### Description of the task
Exclude the pictures and transcribe the rest of the data below exactly.

[The data Boundary: Start]

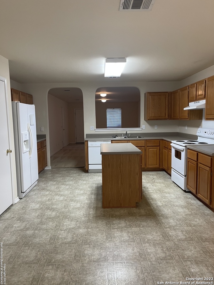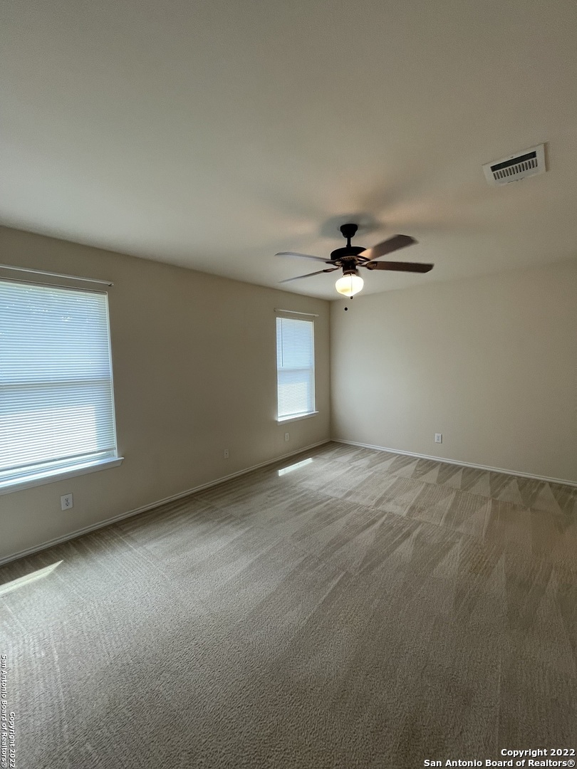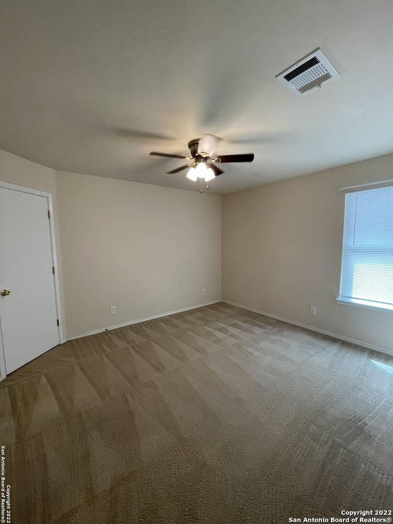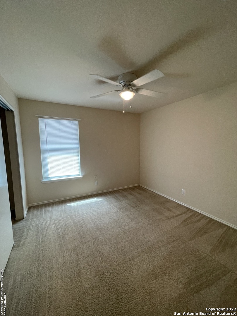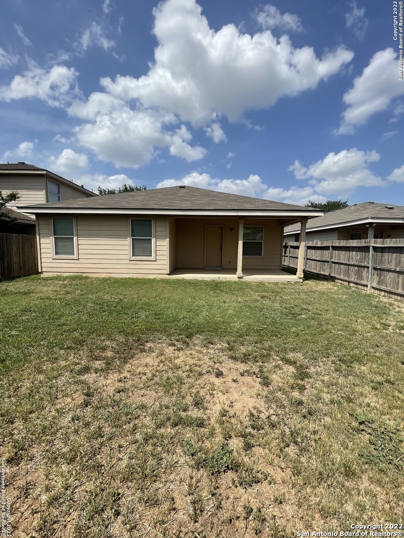 Lovely 3-bedroom, 2-bath home located in the desirable Wildhorse community. This charming one-story features an open floor plan with a spacious living area, perfect for relaxing or entertaining. Brand new carpet and flooring thoroughout. The kitchen offers plenty of cabinet space, a center island, and white appliances. The primary suite includes a walk-in closet and ceiling fan, while the primary bathroom is equipped with a double vanity and a convenient tub/shower combo. Enjoy a large fenced-in backyard with a small covered patio-ideal for outdoor gatherings or quiet evenings. Conveniently located with quick access to Loop 1604 and just a short drive to UTSA, La Cantera, and The Rim. Pets are welcome!
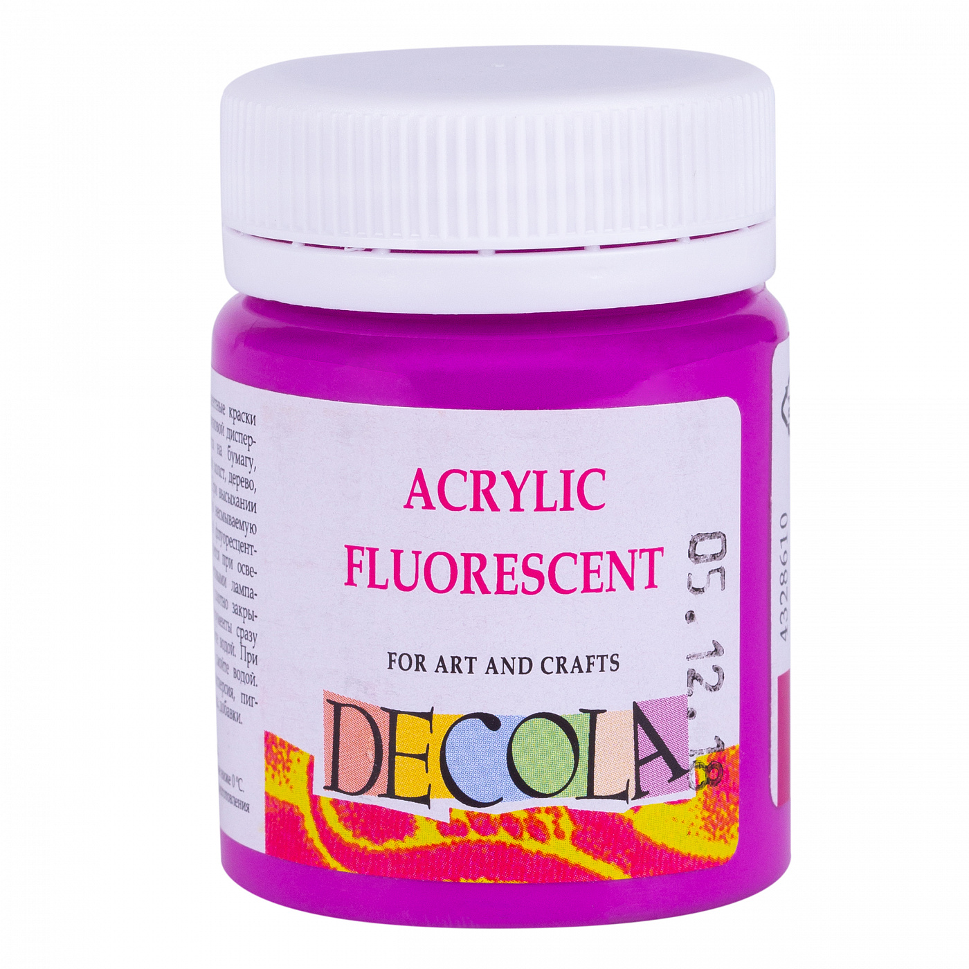 Флуоресцентная акриловая краска «Decola» изготовлена на основе водной акриловой дисперсии с добавлением большого количества пигментов. Краска универсальна в применении, хорошо наносится на бумагу, картон, грунтованный холст, кожу и другие поверхности. Максимальная степень флуоресцирования достигается при ультрафиолетовом освящении.
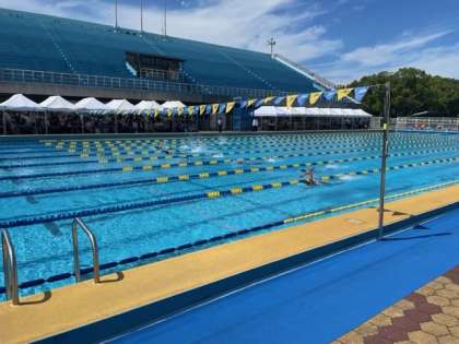 水泳部の堺市総体の様子です。子どもたちは自己ベストを目指し、全力で泳いでいました。

[The data Boundary: End]

### Answer space
 Lovely 3-bedroom, 2-bath home located in the desirable Wildhorse community. This charming one-story features an open floor plan with a spacious living area, perfect for relaxing or entertaining. Brand new carpet and flooring thoroughout. The kitchen offers plenty of cabinet space, a center island, and white appliances. The primary suite includes a walk-in closet and ceiling fan, while the primary bathroom is equipped with a double vanity and a convenient tub/shower combo. Enjoy a large fenced-in backyard with a small covered patio-ideal for outdoor gatherings or quiet evenings. Conveniently located with quick access to Loop 1604 and just a short drive to UTSA, La Cantera, and The Rim. Pets are welcome!
 Флуоресцентная акриловая краска «Decola» изготовлена на основе водной акриловой дисперсии с добавлением большого количества пигментов. Краска универсальна в применении, хорошо наносится на бумагу, картон, грунтованный холст, кожу и другие поверхности. Максимальная степень флуоресцирования достигается при ультрафиолетовом освящении.
 水泳部の堺市総体の様子です。子どもたちは自己ベストを目指し、全力で泳いでいました。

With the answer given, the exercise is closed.